The man who could be described as the most influential investor in financial markets given Bridgewater’s size and the bets the fund is willing to take on global macro themes – particularly in relation to currency arbitrages, Central Bank/Treasury support programs and global income – Dalio called out the damage capitalism has caused to societies, particularly in the United States where there are now irreconcilable gaps in education, wealth and prosperity of the country’s citizens.

“Capitalists like capitalists and capitalism,” which is the reason financial markets will interpret a Trump presidential win initially,” Dalio said.

But over a longer period the spending the Democrats have outlined will invariably have more of a stimulatory effect on financial markets, Dalio said.

Dalio was also quick to point out the illusionary effect stimulus and all the government efforts have on global financial markets, giving some insight into the mechanical way the 71 year old titan of the hedge fund world thinks about, risk parity and relative value.

“We look at markets through the lens of a currency and so we judge everything on whether it goes up in that currency, but we sometimes make the mistake of not realising that sometimes those things go up really because the currency is going down.

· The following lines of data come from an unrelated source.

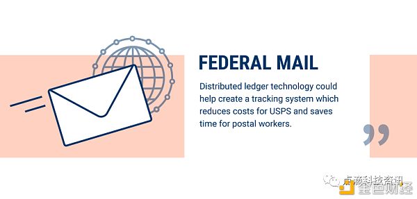甚至美国邮政局也正在考虑实施区块链以改善运营和服务。分布式分类帐技术可以帮助创建一个跟踪系统,该系统可以降低USPS的成本并节省邮政工作人员的时间。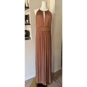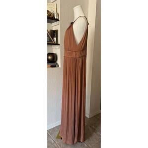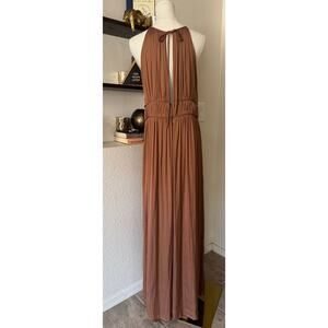 Mango Flowy Wide Leg Halter Jumpsuit With Pleated Details in Copper Size Large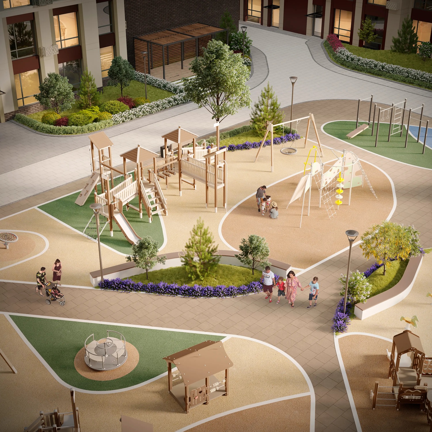 Тут вы можете насладиться гармоничным дизайном и почувствовать себя в безопасности. Каждая зона имеет специальное тартановое покрытие. Вход во двор контролируется системой и видеонаблюдением. Также двор изолирован от городского шума особенностями строения домов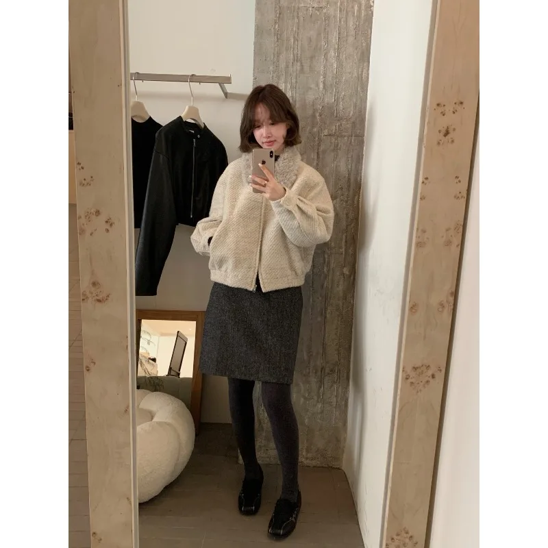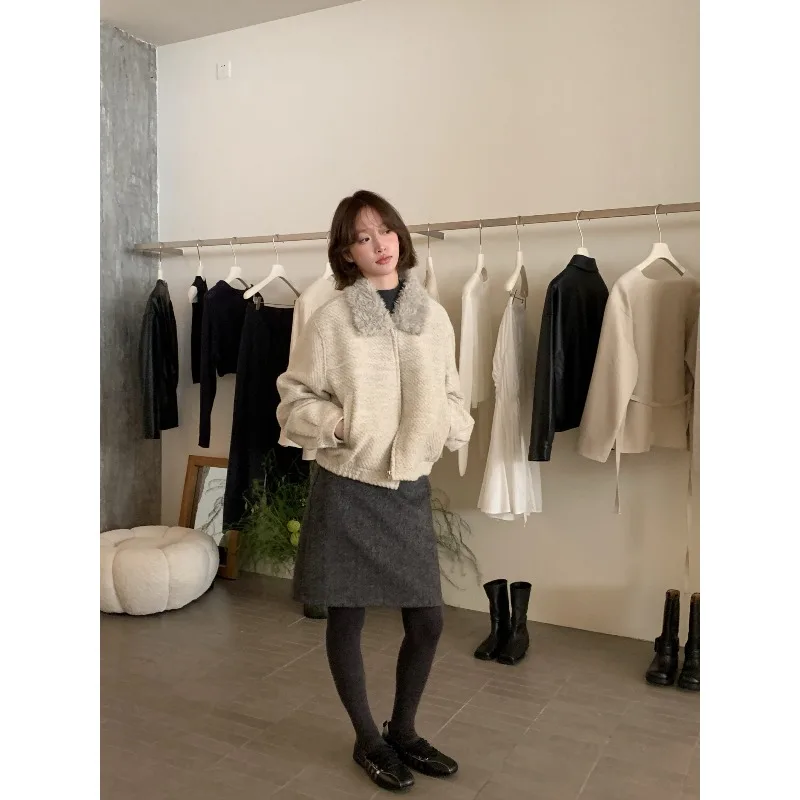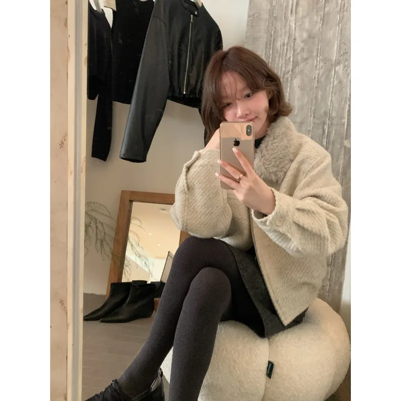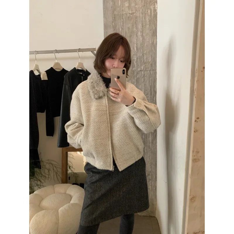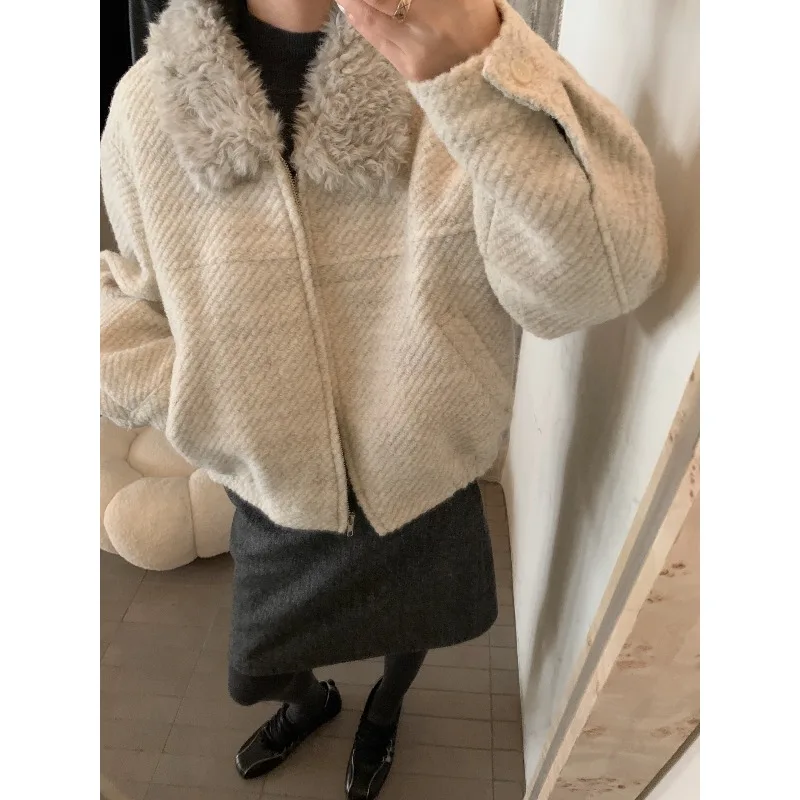 Wholesale Winter 2026 New Fashion Casual Fur Lapel Short Sweet Simple Woolen Women's Coat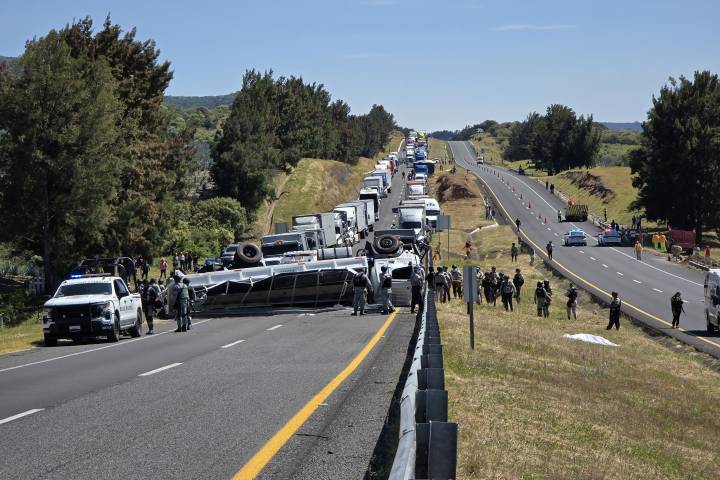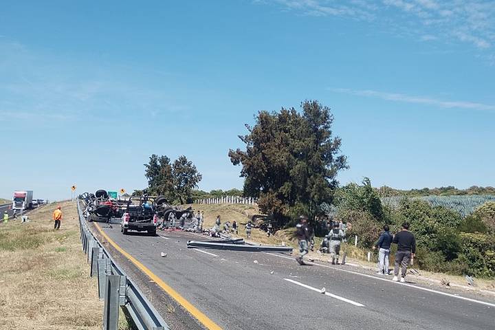 El suceso fue en el kilómetro 343+500 del tramo México-Guadalajara. La identidad de los dos guardias nacionales fallecidos y de los 20 lesionados no fue revelada por las a... Ver más...

“When you print a lot of money and take on a lot of debt, it makes it a very unattractive asset. And so what we have seen is other assets – stocks, gold and so on – rise as real interest rates have gone down.

“In other words inflation adjusted interest rates have gone down – the discount rate for all assets has gone down.

“On April 9 in the US you had the federal government saying ‘we are going to give you a lot of money’, and you had the Federal Reserve and the ECB [European Central Bank] and Central Banks all around the world saying we are going to give you a lot more money and we are going to print that money.”

The then US president Roosevelt announced a plan to raise deficits and print money to increase spending in 1933 and that’s what Biden is saying he plans to do if he wins in October, Dalio said.